The safety manual should clearly describe the analysis boundary and the assumptions with regard to installation, commissioning, configuration, diagnostics, maintenance and testing that support the SIL claim. Without such information, it is very difficult for users to comply with IEC 61511 Clause 220.127.116.11―Procedures shall be implemented to evaluate the performance of the safety instrumented system against its safety requirements―which requires a comparison of equipment reliability assumptions with field operating performance. Identified failure modes and effects should be included in the maintenance troubleshooting guide in order for in-service failures to be tracked using the same modes, thereby allowing users to periodically compare their actual operating results against manufacturer’s claims.

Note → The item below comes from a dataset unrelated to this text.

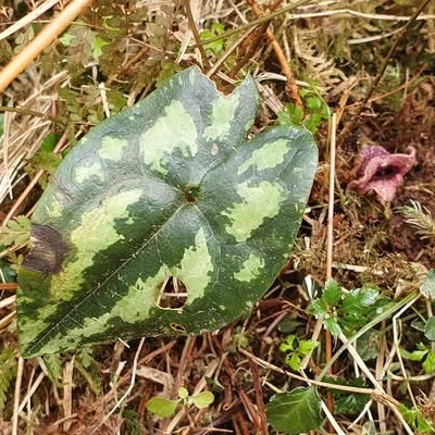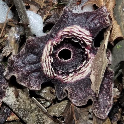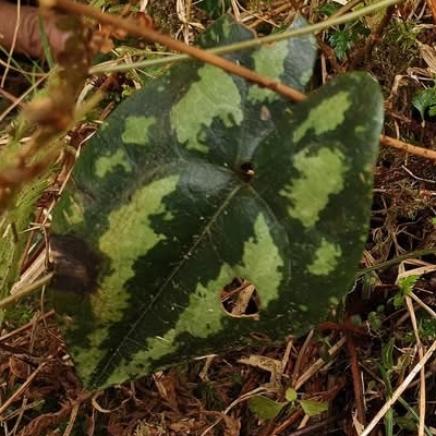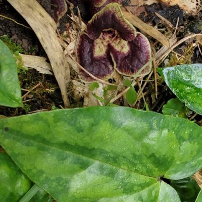 (Asarum) ==台灣原生種== ●大花細辛(Asarum macranthum、Asarum taitonense、Asarum albomaculatum、大屯細辛、白斑細辛) (台灣特有種;世界植物在線 POWO 標示 Asarum taitonense = Asarum macranthum,皆為有效學名;台灣物種名錄將 Asarum macranthum 標名大花細辛,將 Asarum taitonense 標名大屯細辛,將 Asarum albomaculatum 標名白斑細辛;多年生宿根性草本;根莖短;單葉互生,叢生,心形,上表面常具白斑,下表面紫色或葉脈呈紫色,具長柄;花朵單生於葉柄基部;花被紫色,合生呈三角漏斗狀,邊緣皺縮呈波浪狀;無花瓣;蒴果近球形) |

2. Manipulation of safe failure fraction
The IEC 61508 committee included the safe failure fraction (SFF) and associated hardware fault tolerance requirements as a way of preventing manufacturers from claiming high SILs for non-redundant devices simply based on the PFD calculation. The SFF tables were intended to ensure fault tolerance (through required redundancy) in an environment of optimistic theoretical data. However, because the SFF is calculated from the same potentially “bad” data, the SFF is susceptible to the same error.
In practice, there is no correlation between SFF and product safety. The inverse is being demonstrated in the product approval process where it has become easier to certify a high total failure device with a high diagnostic coverage claim to SIL 3 than it is to certify one with a low total failure rate but no diagnostics.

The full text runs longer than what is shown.